社会科学研究科紀要『ソシオ サイエンス』第15号 2009年 掲載(750字程度)
【修士論文要旨】
「『公務員の身分保障』に関する一考察」
−「分限処分」について−
指導教員 後藤 光男 教授
要旨
わが国の一般職の公務員には身分保障があるため、私企業労働者と比較した場合には、解雇されにくいと一般的にいわれている。それは、たとえば下記のような新聞記事によってもその一端をみることができる。

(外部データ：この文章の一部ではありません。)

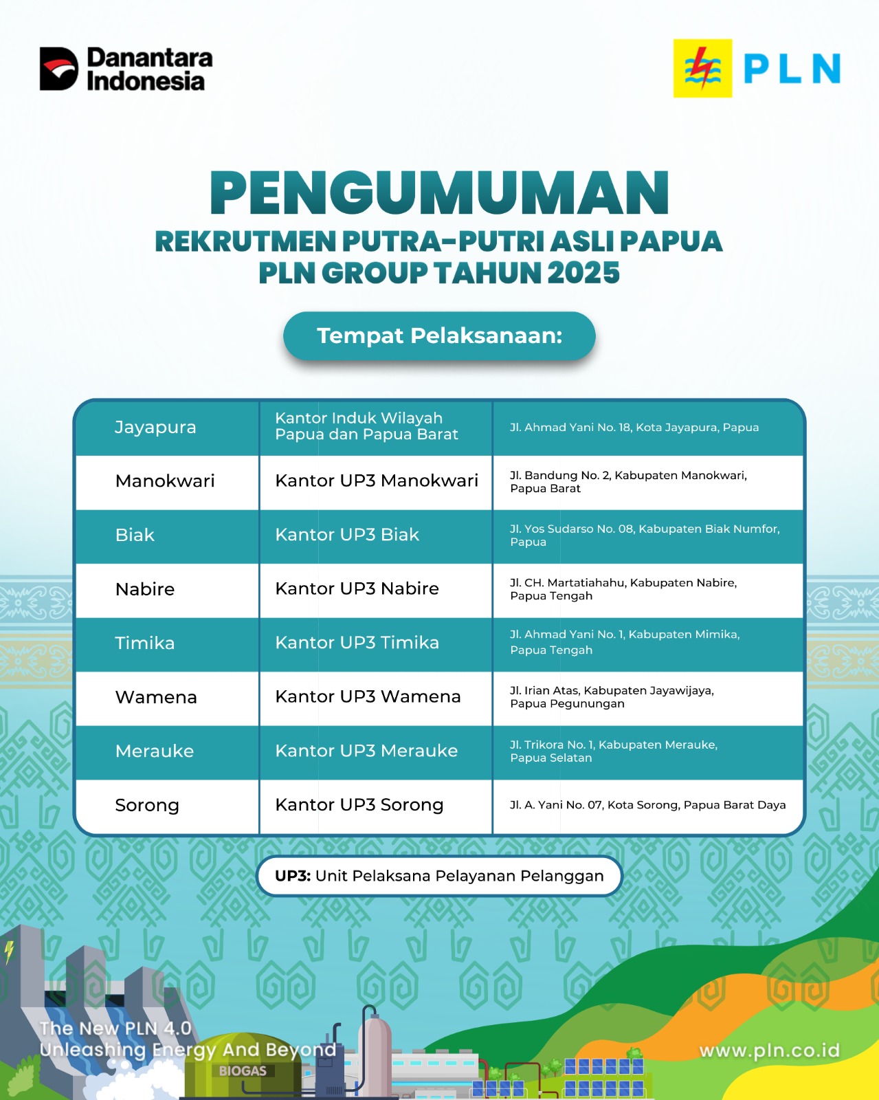 Bagi pelamar asal Nabire, seleksi akan dilaksanakan di Kantor UP3 Nabire, Jl. CH. Martha Tiahahu, Kabupaten Nabire, Papua Tengah.

「逆風満帆」[朝日:2008.6.14朝]に、『公務員は意に反して辞めさせられることはない』との記述があり、作家で精神科医のなだいなだ氏は、下記のコメントを寄せていた。『社会全体がぎすぎすした雰囲気になる中で、安定して恵まれた地位にいる公務員』[朝日:2008.6.22朝、千葉版]
公務員を律する国家公務員法、地方公務員法では、公務員の身分に関する分限を扱った条文においては、次のように記されている。
国家公務員法78条 職員が、左の各号の一に該当する場合においては、人事院規則の定めるところにより、その意に反して、これを降任し、又は免職することができる。
一 勤務実績がよくない場合
二 心身の故障のため、職務の遂行に支障があり、又はこれに堪えない場合
三 その他その官職に必要な適格性を欠く場合
四 官制若しくは定員の改廃又は減少により廃職又は過員を生じた場合
(地方公務員法28条は、文言に異同はあるものの、同条と同趣旨のものである)
上記の条文を読む限りでは、先ほどの新聞記事とは齟齬が生じているようにも考えられるが、上記公務員法では、どのような場合に、公務員に対して分限免職処分を行なうのかを、判例をもとに考える。
それによって、公務員法は、公務員の身分保障をどのように規定してきたのかを明確にさせたい。
併せて、公務員の任用と、それが公務員の身分保障に与える影響に関しても考えを進めることによって、公務員の身分が保障されるのであれば、なぜ保障しなければならないのかを本論分において考える。